Photographs of Australian children were used without their consent to coach artificial intelligence (AI) models that generate images.
A brand new report from the non-governmental organization Human Rights Watch found personal information, including photographs, of Australian children in a big dataset called LAION-5B. This dataset was created by accessing content from the publicly available Internet. It incorporates links to around 5.85 billion images paired with captions.
Companies use datasets like LAION-5B to “teach” their generative AI tools what visual content looks like. A generative AI tool like Midjourney or Stable Diffusion then assembles images from the 1000’s of information points in its training materials.
In many cases, the developers of AI models – and their training data – appear to be flouting privacy and consumer protection laws, believing that they will achieve their business goals by developing and deploying the model while the law or law enforcement agencies are still catching up.

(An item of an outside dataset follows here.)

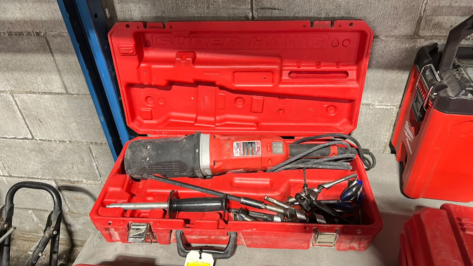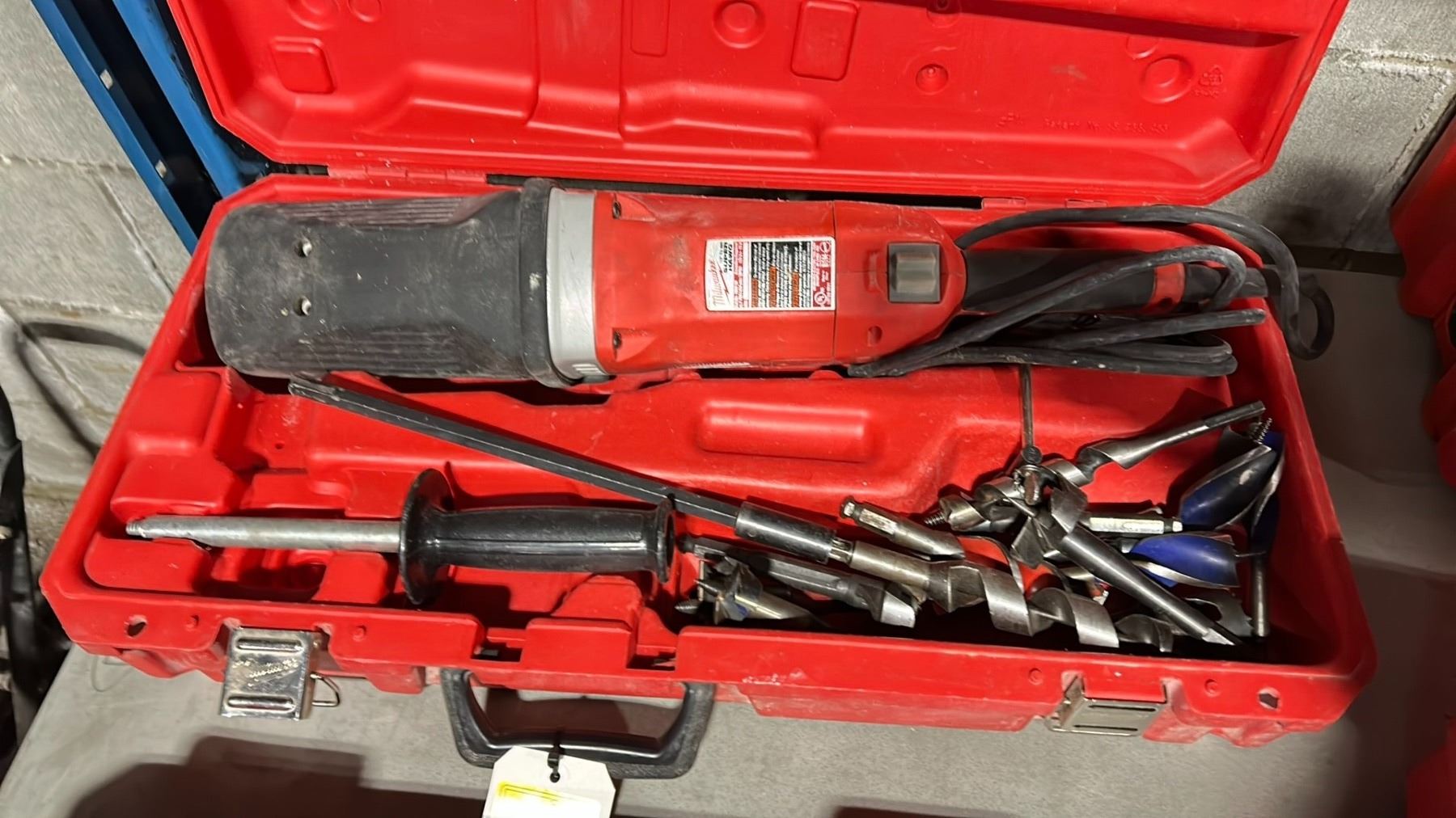 MILWAUKEE INDUSTRIAL ELECTRIC 1/2" SUPER HAWG ANGLE DRILL IN HARD TRANSPORT CASE WITH ASSORTED BITS
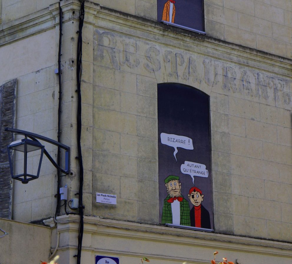 Dessinés dans deux fenêtres en trompe l’œil, vous pouvez reconnaître les célèbres « Pieds Nickelés » : Ribouldingue, Filochard et Croquignol.

The dataset analyzed by Human Rights Watch is managed by the German nonprofit organization LAJONStanford researchers have previously Images of kid sexual abuse found on this same data set.
LAION has now committed to removing the photos of the Australian children found by Human Rights Watch. However, AI developers who’ve already used this data cannot make their AI models “unlearn” it. And the broader problem of information breaches also stays.
Is it allowed whether it is on the Internet?
It is a fallacy to say that simply because something is in the general public domain, privacy laws don’t apply. Publicly available information could also be personal information under the Australian Privacy Law.
In fact, we’ve got a relevant case before us when in 2021, facial recognition platform Clearview AI was found to be violating the privacy of Australians. The company collected images of individuals from web sites across the web to make use of in a facial recognition tool.
The Office of the Australian Information Commissioner (OAIC) decided that although these photos were already found on web sites, it was still personal information. Furthermore, it was confidential information.
It found that Clearview AI had breached the Privacy Act by failing to comply with its obligations to gather personal information, meaning that in Australia, personal information includes publicly available information.
AI developers should be very careful concerning the origin of the info sets they use.
Can we implement data protection law?
This is where the Clearview AI case is relevant. There could also be a powerful argument that LAION breached applicable Australian privacy laws.
One such argument concerns the gathering of biometric information in the shape of facial images without the consent of the person.
The Australian Privacy Commissioner ruled that Clearview AI collected sensitive information without consent and did so using “improper means”: people’s facial information was collected from various web sites to be used in a facial recognition tool.
Under Australian privacy law, the organisation collecting the info must also provide notice to the individuals concerned. With practices like this – collecting images from across the web on a big scale – the likelihood of an organization providing notice to all those affected is slim to none.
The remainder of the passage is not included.